◆ WORK TO BE COMPLETED
Up to and including the line holding "Download the sample", write out the data exactly from its first line, but not the pictures.

*** INPUT DATA

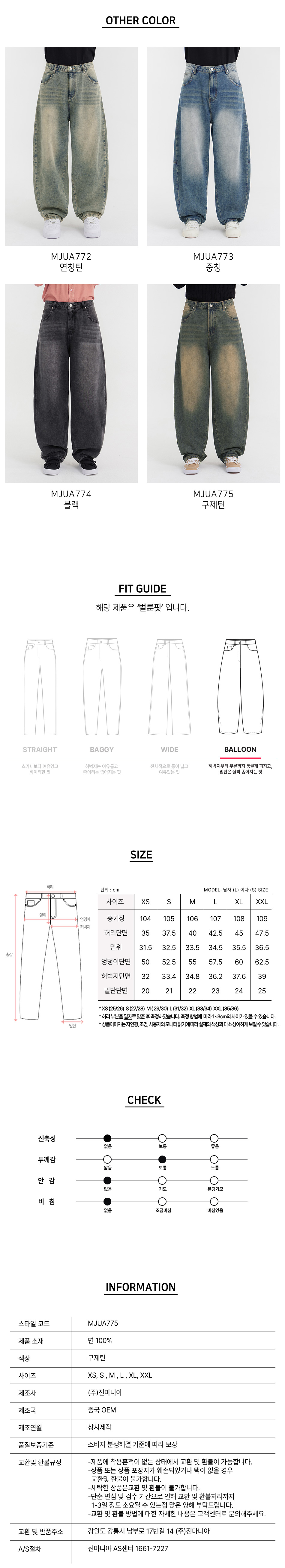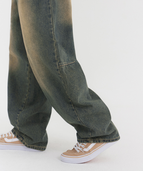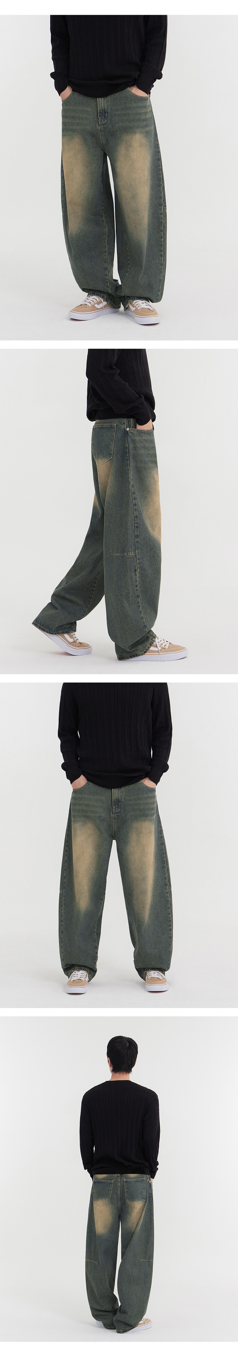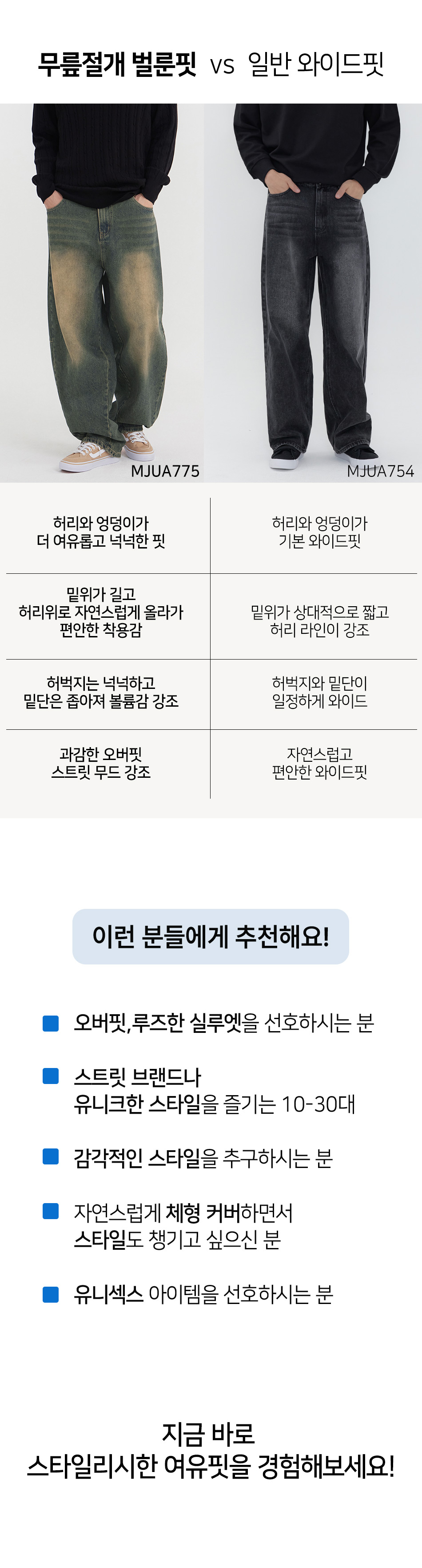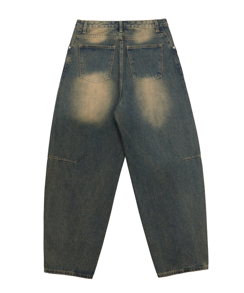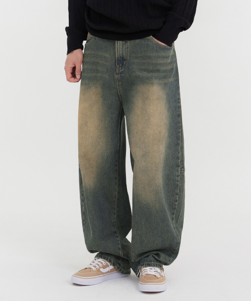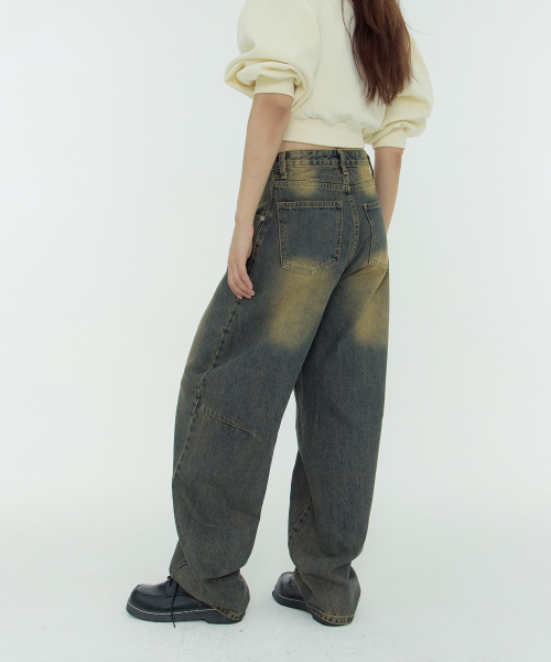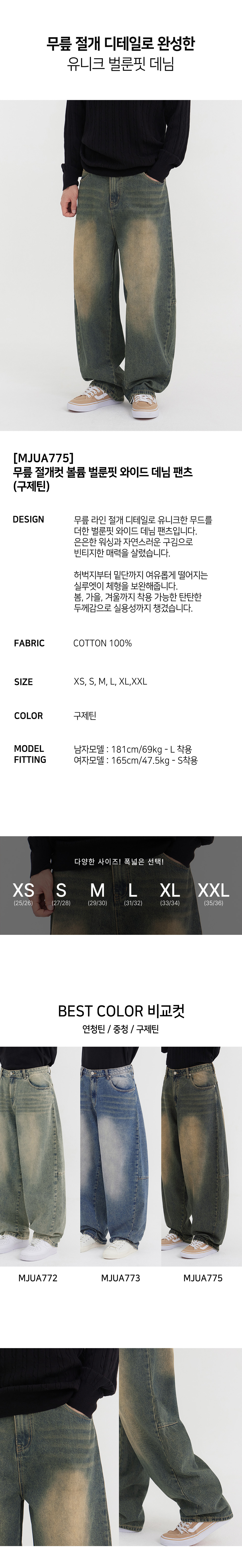 무릎 절개컷 볼륨 벌룬핏 와이드 데님 팬츠 (구제틴)
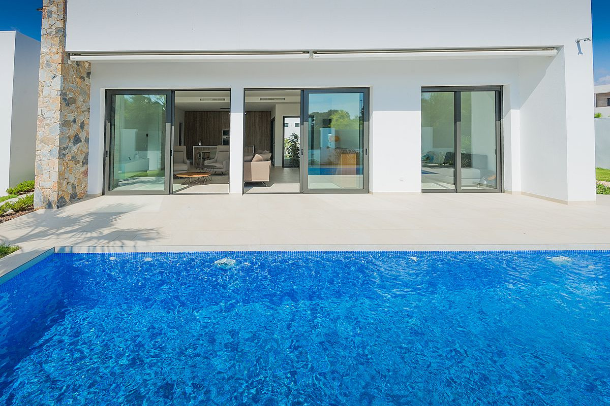 Alejandra XI - El Recuerdo villas are equipped with porcelain flooring, fitted and equipped kitchen, ducted air conditioning, aluminum windows with motorized blinds and sun protection, and LED lighting, among others.
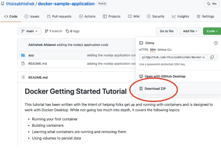 Download the sample application from the Github repository. Here is the URL for the GitHub repository: docker-sample-application
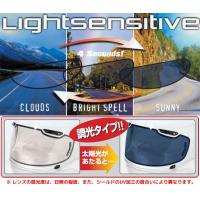 太陽光の強弱によってレンズの濃さが変化するライトセンシティブ機能を持ったシールドレンズ。
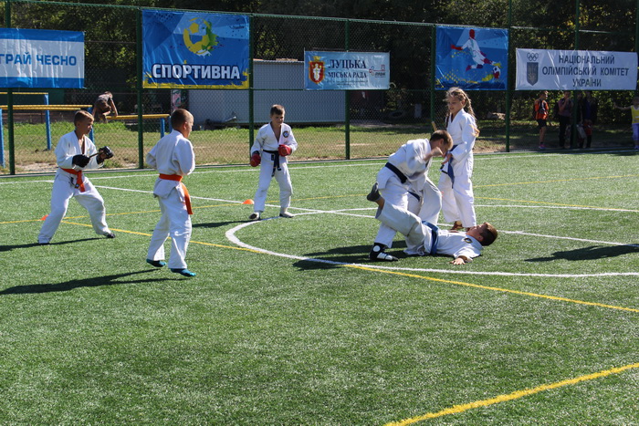 У перервах між естафетами присутні мали можливість насолоджуватися показовими виступами гуртківців навчального закладу з художньої гімнастики та бойових мистецтв.
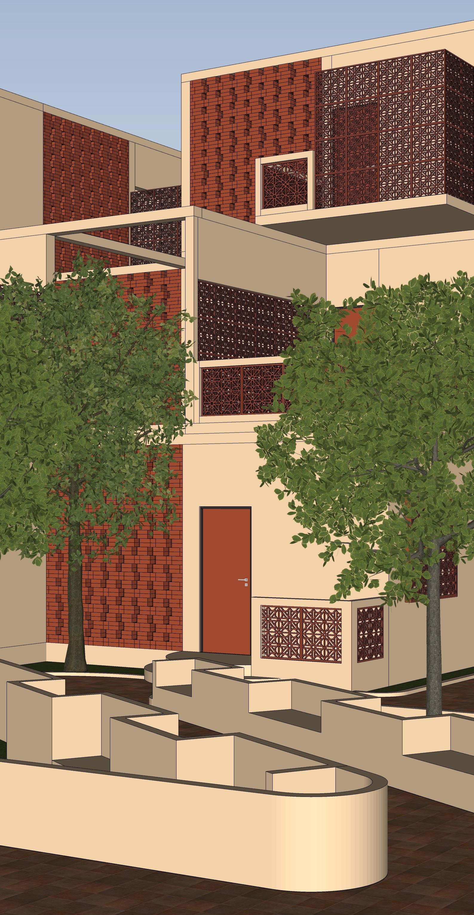 As the name of the intervention * Sammilan * suggests, the intend is to establish a connection between different communities, between people and nature, between vernacular and modern, between work and leisure, through housing thus becoming a connective tissue. The idea is to create a prototype tor housing which could be replicated in the such type of rich residential neighbourhood, so that more number of these people can be accommodated with in the city itself, providing them with better opportunities and resources to live a better lifestyle, unlike the present government schemes. To connect people from different background as an extended family. The idea is to create junctions to bring the residents together to organize social meetings and leisure activities.
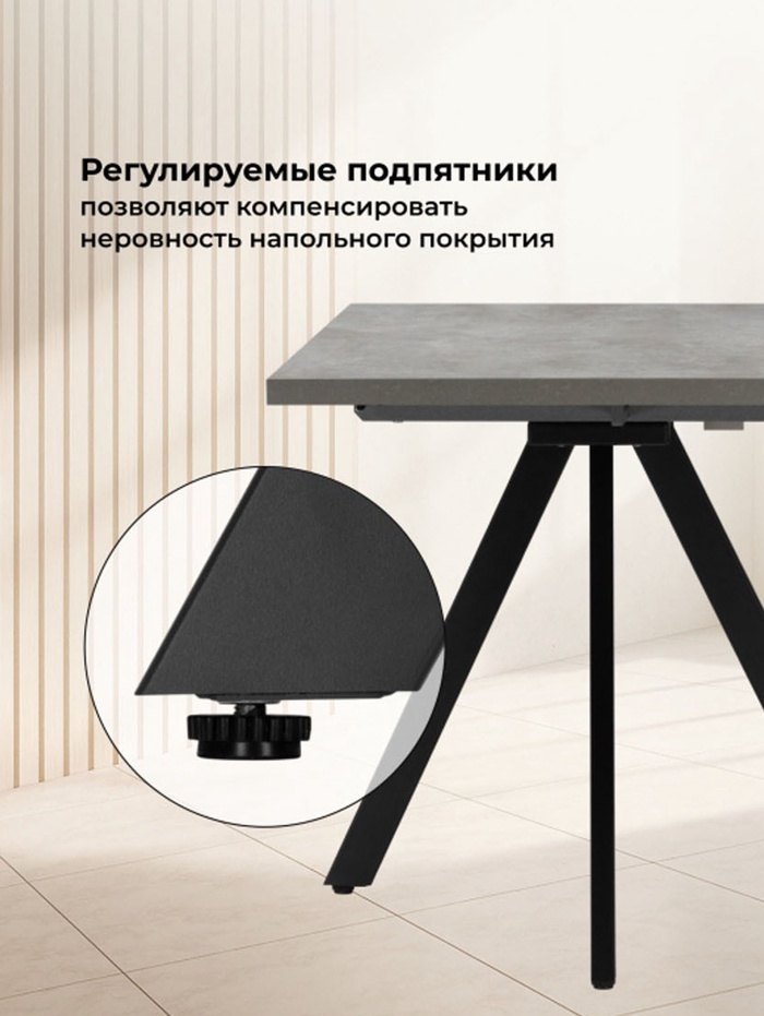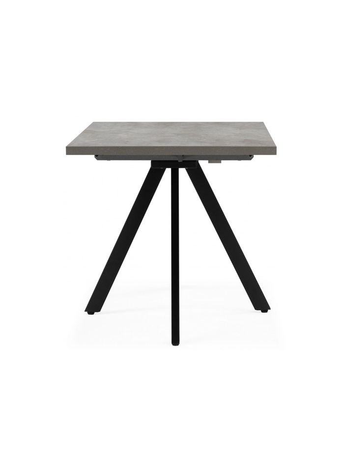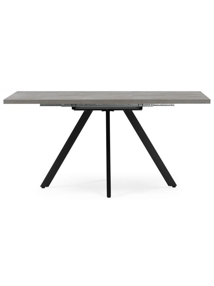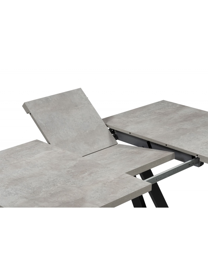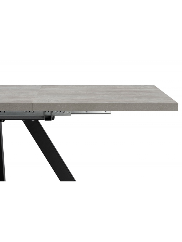 Лаконичное и функциональное решение для кухни или столовой в современном стиле. Стол выполнен в сдержанном сочетании оттенков: столешница с фактурой цемента привносит в интерьер индустриальную эстетику, а строгие чёрные металлические ножки добавляют конструкции графичность и устойчивость. Прямоугольная форма столешницы обеспечивает удобство размещения и позволяет эффективно использовать пространство. Благодаря раздвижному механизму стол легко трансформируется.

******

◆ RESPONSE TO THE TASK
 무릎 절개컷 볼륨 벌룬핏 와이드 데님 팬츠 (구제틴)
 Alejandra XI - El Recuerdo villas are equipped with porcelain flooring, fitted and equipped kitchen, ducted air conditioning, aluminum windows with motorized blinds and sun protection, and LED lighting, among others.
 Download the sample application from the Github repository. Here is the URL for the GitHub repository: docker-sample-application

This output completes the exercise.